Hi Scott! I bought a Festool CT15 after reading your review. Any chance you have a link to an adapter that would work for attaching my ProScraper? Thank you!
Nice video. Doesn’t the RRP guidance suggest wet scraping? Or does it change if you’re using a HEPA vacuum connected to the tool?
Since you do a lot of RRP work, do you have dedicated lead tools? Or do you use the same shop vac for lead/non-lead work?
If you were doing this onsite, I assume you’d still follow typical containment procedures. Do you feel like this gives you any advantages over some of the other major mechanical stripping tools?
RRP allows working with tools attached to a HEPA vac and we usually setup containment in any area we are working as well.
Any suggestions for modifying the blade to work on trim and window profiles?

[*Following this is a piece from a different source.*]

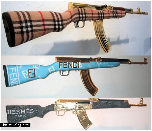 Дизайнер Peter Gronquist создал коллекцию оружия, украшенного брендами модных домов Hermes, Prada, Gucci, Burberry, Coach, Paul Smith, Dior, Fendi, Chanel, Versace, Fendi and D&G. Что ж, мода – это тоже своего рода оружие, причем оружие массового поражения.
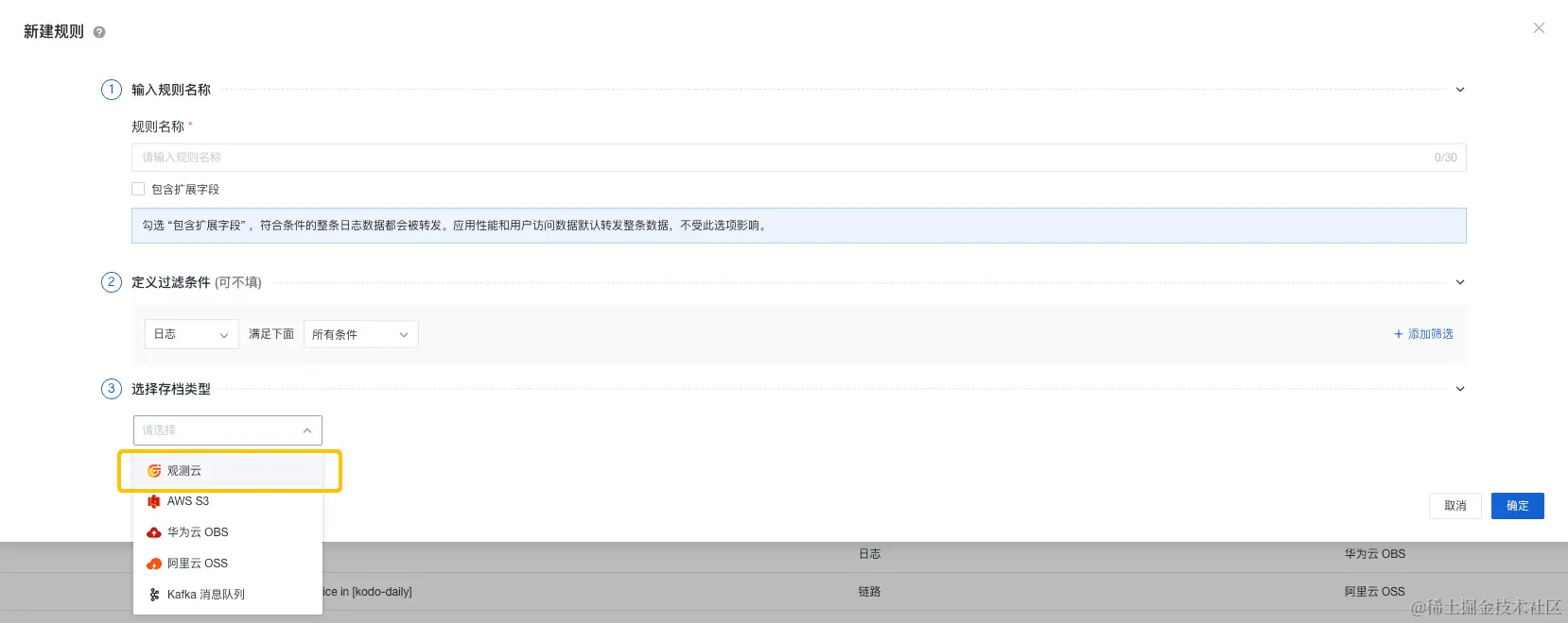 - 新增【观测云】选项,支持将数据保存到观测云的对象存储,计费逻辑按天出账,每天统计存储的压缩后的数据大小,按照每 GB 0.007 元出具对应账单。

I like using the Hyde contour scraper for the fragile profiles. The ProScraper does the heavy work and then the detail work needs a finer tool.
If you are using the Cobra or other IR heating method, the paint should be soft enough for the Hyde contours to do the trick.
The Bahco 625 Premium Ergonomic Carbide Scraper has carbide blades, which are much harder, and has smaller blades and a choice of round, pear shaped, and pointed profiles in addition to flat but narrower. If the paint already is pretty bad and just needs scraping, these work better, but fewer contour choices and for convex shapes one just uses narrow flat and is careful not to flatten the curve.
These too need a diamond card to sharpen. the Hyde you can use a file.